フランス量子企業パスカル、2兆円でナスダック上場へ
フランスの量子コンピューティング企業パスカルがSPAC経由でナスダック上場。欧州量子企業の米国進出が加速する中、技術覇権争いの新たな局面が始まる。
パリ郊外パレゾーにある研究施設で、パスカルの量子コンピューターが静かに動作している。この機械が、欧州の量子技術企業として初めて本格的に米国市場に挑戦する象徴となった。
欧州量子企業の米国進出ラッシュ
フランスの量子コンピューティング企業パスカルが、SPAC(特別買収目的会社)との合併を通じてナスダックへの上場を発表した。企業価値は20億ドル(約3000億円)と評価され、別途2億ドルの資金調達も実施する。
この動きは、2週間前にフィンランドの量子ユニコーンIQMが同様の上場計画を発表したことに続くものだ。欧州の量子企業が相次いで米国市場を目指す背景には、米国市場の規模と収益倍率の魅力がある。欧州では得られない資金調達環境と、量子技術の長期的な開発に必要な資本へのアクセスが可能になる。
パスカルは年間数千万ドルの収益を上げており、ハードウェア、ソフトウェア、クラウドサービスを研究機関や産業パートナーに提供している。同社はエネルギー大手EDFや防衛企業タレスなどのフランス大手企業を顧客に持つ。
技術競争の激化と選択の分岐点
量子コンピューティング分野では、異なる技術アプローチが激しく競合している。IQMが超伝導量子ビットに賭ける一方、パスカルは中性原子方式を採用している。この技術的基盤は、同社の共同創設者でノーベル物理学賞受賞者のアラン・アスペが提唱するアプローチだ。

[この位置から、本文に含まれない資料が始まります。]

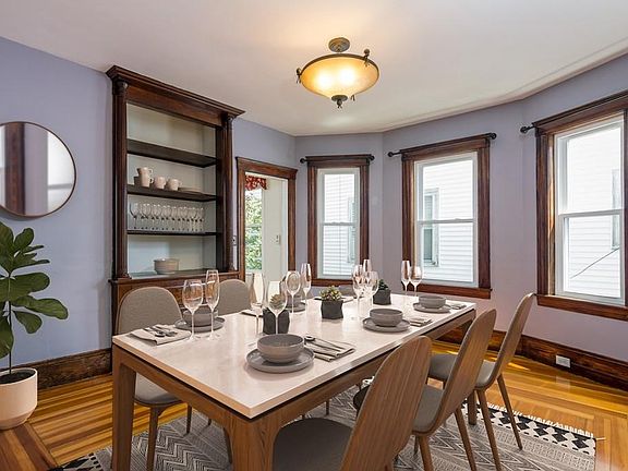 Move-in ready two-bedroom residence on the second floor of a three-family located on a pleasant side street in North Cambridge. Bay windows in the spacious living and dining rooms. Larger kitchen with ample cabinets and French doors opening onto a covered rear deck. Two generous bedrooms and luxurious renovated full bathroom with heated floor. Front entry hall leads to inviting recently rebuilt front porch, ideal for summer nights. Highlights of this home include newer heating system (2017); in-unit laundry; 8'7" ceiling height; ceiling fans; replacement windows; private basement storage. Walk Score® 92 - "Walker's Paradise." Enjoy easy access to Davis Square (.5 mile) and Porter Square (.8 mile) and the Bike Path. Delightful city park at the end of the block.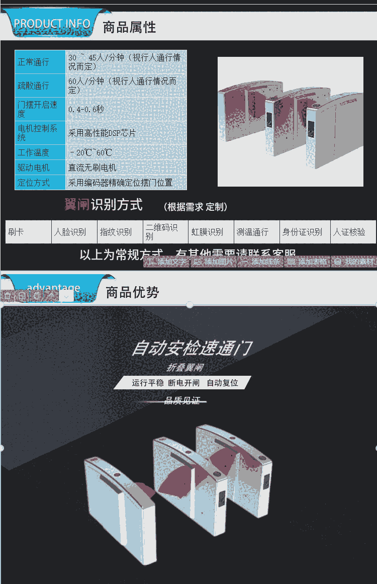 样式:翼闸 | 出入方向:单向 |

パスカルは今後18カ月で50人の新規雇用を計画し、2020年代末までに耐障害性量子コンピューターの開発を目指している。こうした技術進歩は、創薬、ヘルスケア、サイバーセキュリティ分野での応用を可能にする重要な要素となる。
興味深いのは、同社が米欧二重上場を計画していることだ。ナスダック上場は今年中に予定され、ユーロネクストでの上場は2026年または2027年に準備される。この戦略は、フランスの公的投資銀行Bpifranceなどの国内投資家への配慮を示している。
地政学的な思惑と国家戦略
パスカルは、フランス法人としてパレゾーに本社を維持し、「フランス国籍の非執行会長」を取締役会に任命する予定だと強調している。現在の地政学的環境下で、米国企業でないことが扉を開く可能性があることを、フランスのAI企業ミストラルAIの成功が示している。
ただし、SPAC取引を主導するミシェル・コンブ氏の任命は、フランス国内で複雑な反応を呼ぶ可能性がある。同氏は2015年、アルカテル・ルーセントのCEO在任中に物議を醸す退職をした経歴があり、当時エマニュエル・マクロン現大統領から公然と批判を受けた。
本コンテンツはAIが原文記事を基に要約・分析したものです。正確性に努めていますが、誤りがある可能性があります。原文の確認をお勧めします。